Глэдис поджала губы, явно не намереваясь продолжать, и снова потянула поднос, однако Марина держала крепко.
– Кроме?.. Ну, говори! – молвила она тихо и, как ей показалось, совершенно спокойно, однако губы ее вдруг похолодели. Верно, Глэдис учуяла недоброе в этом спокойствии, потому что в голубеньких английских глазках заплескался страх, а сдобные щечки залились румянцем.
– Да я ничего не хотела сказать, мисс… – залепетала она, так и извиваясь, так и переминаясь, однако не удалось бедной крошке спастись от жгучего Марининого взгляда, и она все же выдохнула обреченно: – Кроме милорда, сэра Десмонда.
Тут кровь так внезапно ударила в лицо Марине, что она даже ослабела – и выпустила поднос. Глэдис схватила его, как вожделенный трофей. Можно было ожидать, что она тотчас ринется прочь, желая избежать неприятного разговора, однако, глянув на ошеломленное лицо Марины, девушка сочувственно прошептала:
– Простите, что я осмелилась, мисс, однако же вы… вы так добры всегда, что мне хотелось вам как-нибудь помочь.
– Это так сильно заметно, да? – тихо спросила Марина, с трудом поднимая глаза.
Глэдис кивнула:
– Заметно, мисс. Вы как подсолнух (она, конечно, сказала sunflower, солнечный цветок, однако Марина поняла смысл) туда-сюда поворачиваетесь, только чтобы взглянуть на милорда.

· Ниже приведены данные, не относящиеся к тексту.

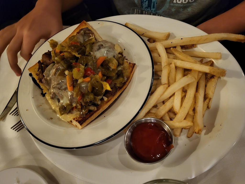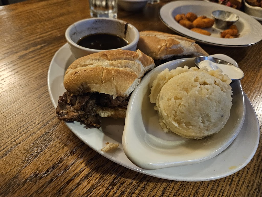 The French dip i had was good, and the place has a good atmosphere but the girlfriend had the salmon and everything about that plate was disgusting. Worst salmon I ever tried. The roasted garlic spread is not good. Definitely don't wanna eat that either. First and last time for me at this establishment.

Вроде бы вы даже это от самой себя таите, а другим заметно. У нас давно девушки говорят: не диво, мол, что Агнесс волосы на себе от злости рвала, коли милорд в замок другую привез!
– Агнесс? – с брезгливым удивлением повторила Марина. – Однако же она вроде бы… царство ей небесное! (Марина быстро перекрестилась) – вроде бы она не была милордом обижена?

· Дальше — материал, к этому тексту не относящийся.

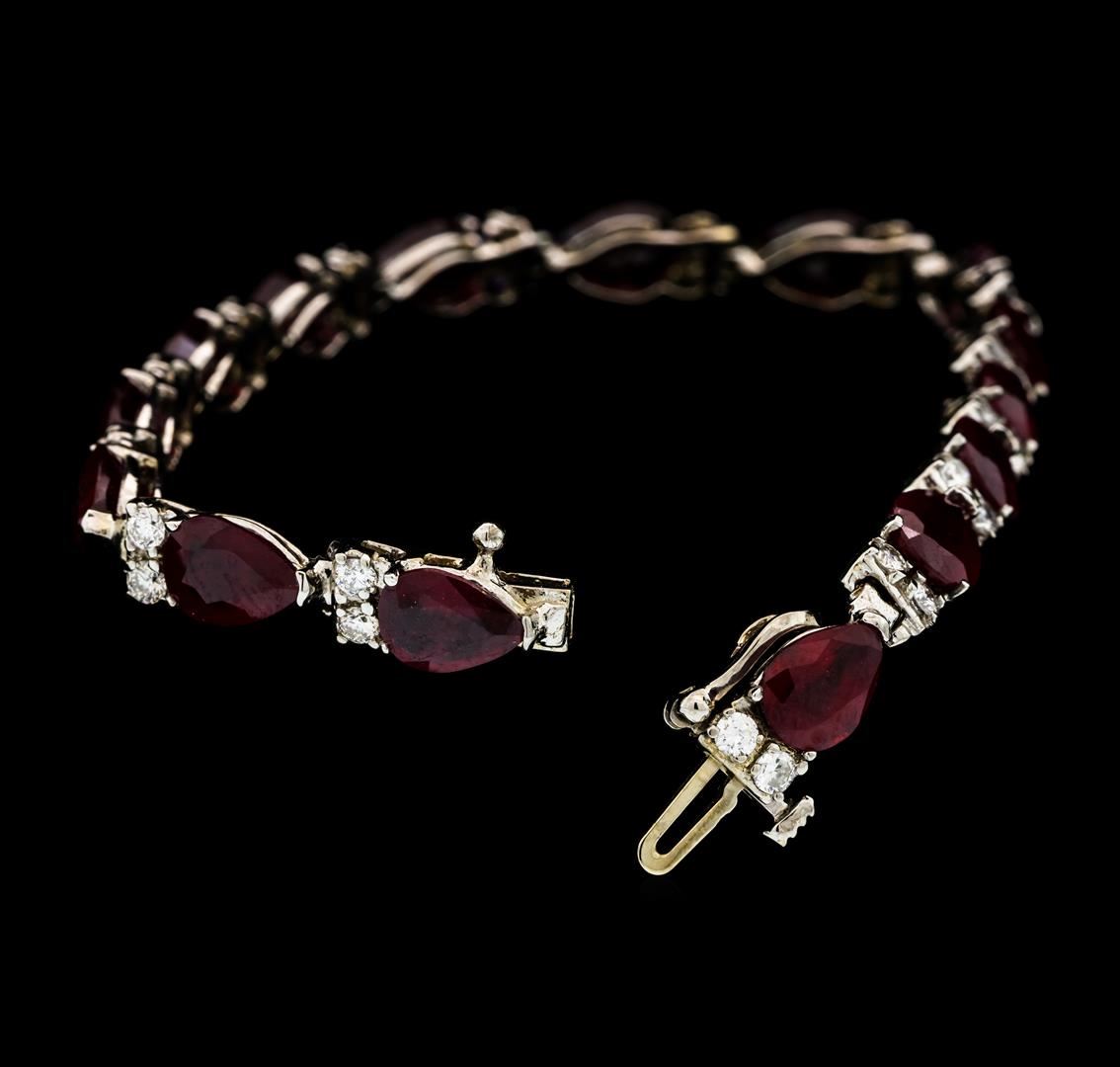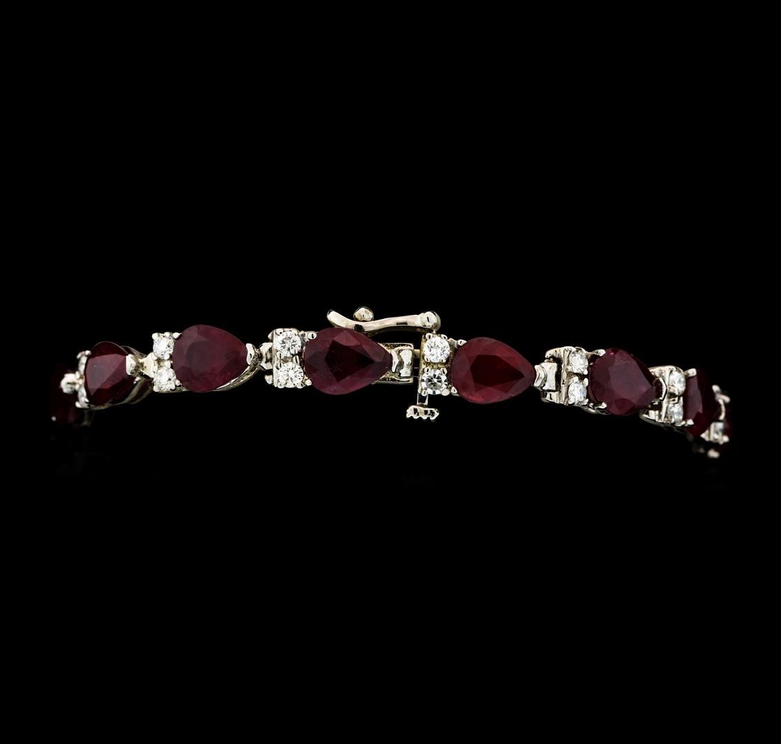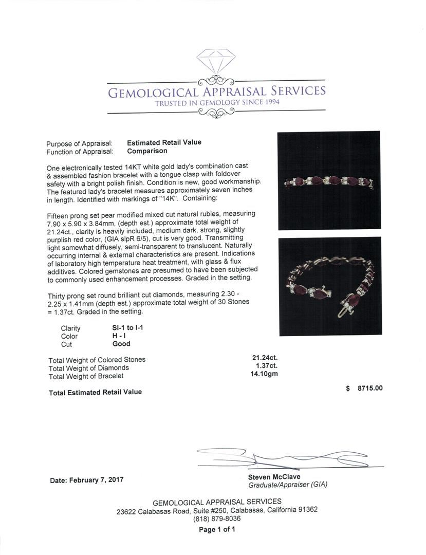 One electronically tested 14KT white gold lady's combination cast & assembled fashion bracelet with a tongue clasp with foldover safety with a bright polish finish. The featured lady's bracelet measures approximately seven inches in length. Identified with markings of '14K'. Condition is new, good workmanship. Containing: Fifteen prong set pear modified mixed cut natural rubies, measuring 7.90 x 5.90 x 3.84mm, (depth est.) approximate total weight of 21.24ct., clarity is heavily included, medium dark, strong, slightly purplish red color, (GIA slpR 6/5), cut is very good. Transmitting light somewhat diffusely, semi-transparent to translucent. Naturally occurring internal & external characteristics are present. Indications of laboratory high temperature heat treatment, with glass & flux additives. Colored gemstones are presumed to have been subjected to commonly used enhancement processes. Graded in the setting. Thirty prong set round brilliant cut diamonds, measuring 2.30 - 2.25 x 1.41mm (depth est.) approximate total weight of 30 Stones = 1.37ct. Graded in the setting. Clarity SI-1 to I-1. Color: H - I Cut Good. Total Weight of Colored Stones 21.24ct.. Total Weight of Diamonds 1.37ct.. Total Weight of Bracelet 14.10gm GAS Appraised at $8,715.00.

– Вот видите, мисс, какая вы! – воскликнула Глэдис с таким выражением, словно своей неприметливостью Марина нанесла ей личную обиду. – Вы даже и не знаете, что, воротясь из своего путешествия, милорд к себе Агнесс ни разу не допустил. Слухи ходят, что она чуть ли не вовсе голая по замку бегала, лишь бы его прельстить, и сама, без зова, являлась к нему в комнату, а он ее выставлял прочь. Оттого она и прицепилась к Хьюго! – Глаза Глэдис мстительно блеснули. – Вот господь ее и наказал за распутство.
– Выставлял прочь?! – с трудом выговорила Марина, уставясь на Глэдис расширенными глазами. – Да нет, ты, верно, шутишь…

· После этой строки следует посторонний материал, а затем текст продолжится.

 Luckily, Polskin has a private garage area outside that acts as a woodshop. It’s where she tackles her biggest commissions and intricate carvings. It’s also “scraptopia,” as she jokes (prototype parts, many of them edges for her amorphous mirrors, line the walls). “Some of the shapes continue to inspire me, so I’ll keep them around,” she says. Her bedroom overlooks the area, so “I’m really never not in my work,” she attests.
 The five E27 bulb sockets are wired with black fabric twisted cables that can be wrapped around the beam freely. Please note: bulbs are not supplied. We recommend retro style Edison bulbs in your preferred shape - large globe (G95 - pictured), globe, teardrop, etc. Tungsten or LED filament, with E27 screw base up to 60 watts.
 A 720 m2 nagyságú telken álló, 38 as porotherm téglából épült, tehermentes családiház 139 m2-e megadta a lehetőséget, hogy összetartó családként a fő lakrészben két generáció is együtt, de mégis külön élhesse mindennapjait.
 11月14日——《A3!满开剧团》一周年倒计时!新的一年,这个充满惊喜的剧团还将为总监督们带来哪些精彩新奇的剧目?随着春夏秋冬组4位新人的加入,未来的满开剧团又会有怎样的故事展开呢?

У нее захватило дыхание, счастье налетело подобно вихрю, закружило, лишило сил. Руки так затряслись, что она спрятала их под одеяло.
Десмонд… милый, ненаглядный ее супруг хранил ей верность! О господи, спасибо тебе. Путы глупых недоразумений оплели двух людей, алчущих друг друга, и едва не разлучили их навеки. Но теперь все! Теперь все выяснилось! Ах, бедная Агнесс… как она, должно быть, ненавидела «русскую кузину»! Теперь понятна лютая ярость, с какой она набросилась на Марину в конюшне, понятно, почему она всеми силами, даже черным ведьмовством, пыталась извести соперницу. Марина даже зажмурилась от жалости к бедной, озлобленной, отвергнутой, которую она тоже так люто ненавидела, что порой желала ей гибели. Нет, с Агнесс они квиты. Взаимная ненависть погубила одну из них и едва не обездолила другую. Десмонд не изменял ей! Теперь понятно, почему он с таким пылом набросился на нее в парке: изголодался по ней так же, как она по нему. Но теперь все! Конец несчастьям, недоразумениям, тоске!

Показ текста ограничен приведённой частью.